Excerpts from a dataset
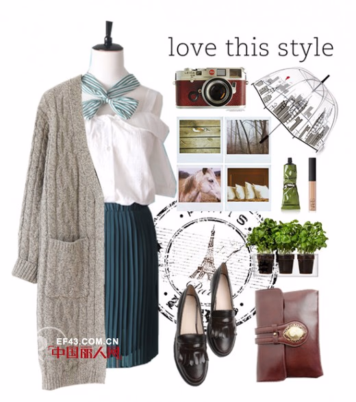 森女系的服装部一定要有效碎花、大地色之类的。讲的的纯色也能穿出不一样的味道。就如这件灰色的粗线毛衣,大气简洁的口袋设计,很有大牌范,搭配白色的甜美吊带娃娃衫+绿色的百褶半裙。脚上黑色的单鞋,这样的优雅复古范儿也可以很森系哦。
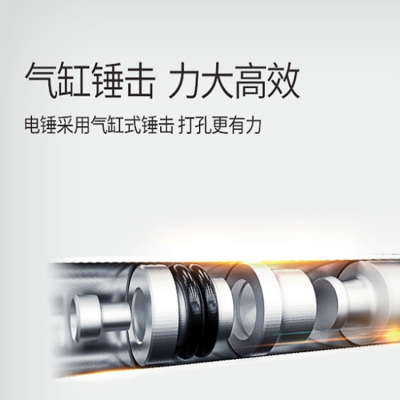 氣缸錘擊,力大高效,電錘采用氣缸式錘擊,打孔更有力。
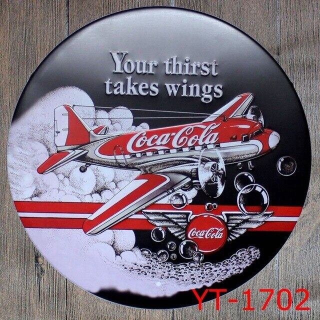 30cm メタルサイン ブリキ 看板 丸型 プレート コカ・コーラ Coca-Cola 飛行機 人気 おしゃれ インテリア ディスプレイ アート 輸入雑貨
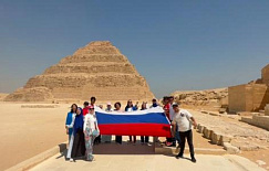 Египетская молодежь растянула российский триколор у пирамид в преддверии Дня Государственного флага Российской Федерации
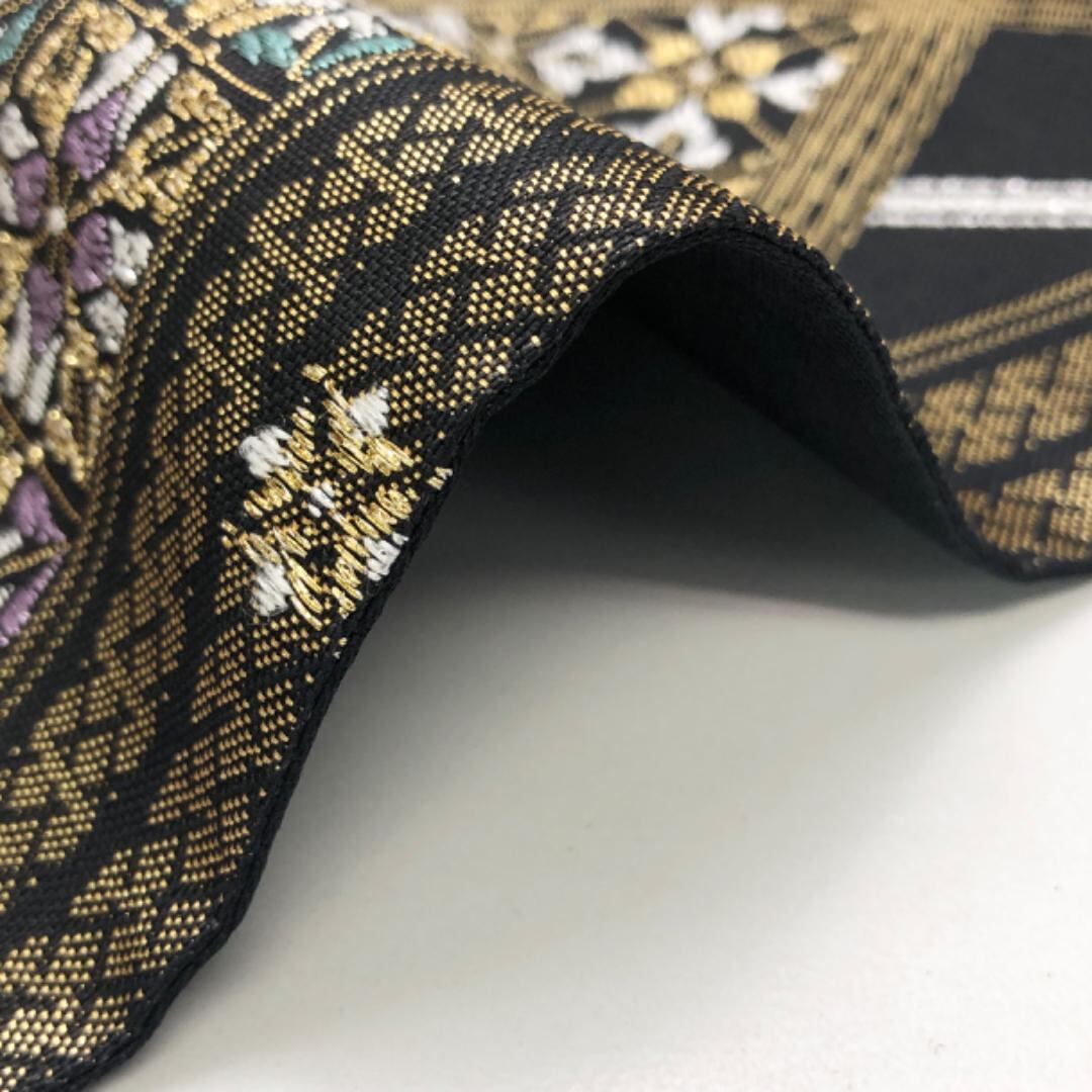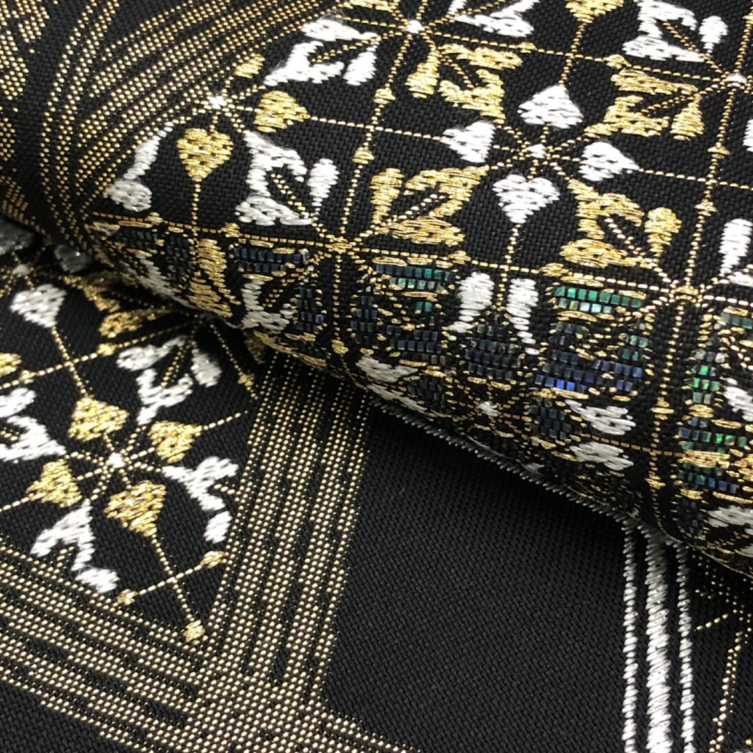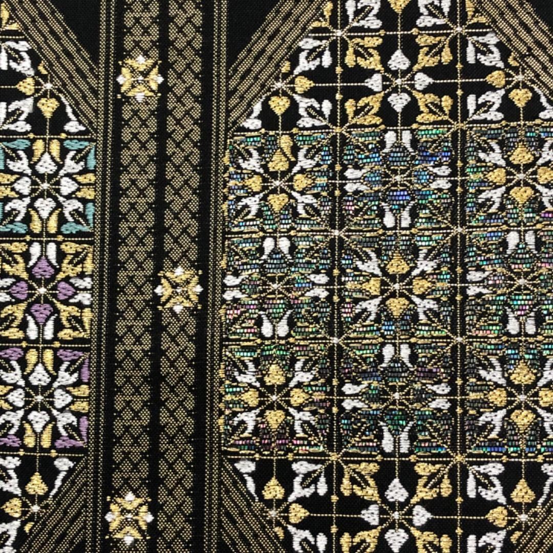 黒色のお色味にステンドグラスのような煌びやかで美しいモダンな雰囲気の織模様がデザインされた素敵なお品でございます。

§ **How to complete this task**:
With the pictures left out, write out all of the data exactly.

§ **Your solution**:
 森女系的服装部一定要有效碎花、大地色之类的。讲的的纯色也能穿出不一样的味道。就如这件灰色的粗线毛衣,大气简洁的口袋设计,很有大牌范,搭配白色的甜美吊带娃娃衫+绿色的百褶半裙。脚上黑色的单鞋,这样的优雅复古范儿也可以很森系哦。
 氣缸錘擊,力大高效,電錘采用氣缸式錘擊,打孔更有力。
 30cm メタルサイン ブリキ 看板 丸型 プレート コカ・コーラ Coca-Cola 飛行機 人気 おしゃれ インテリア ディスプレイ アート 輸入雑貨
 Египетская молодежь растянула российский триколор у пирамид в преддверии Дня Государственного флага Российской Федерации
 黒色のお色味にステンドグラスのような煌びやかで美しいモダンな雰囲気の織模様がデザインされた素敵なお品でございます。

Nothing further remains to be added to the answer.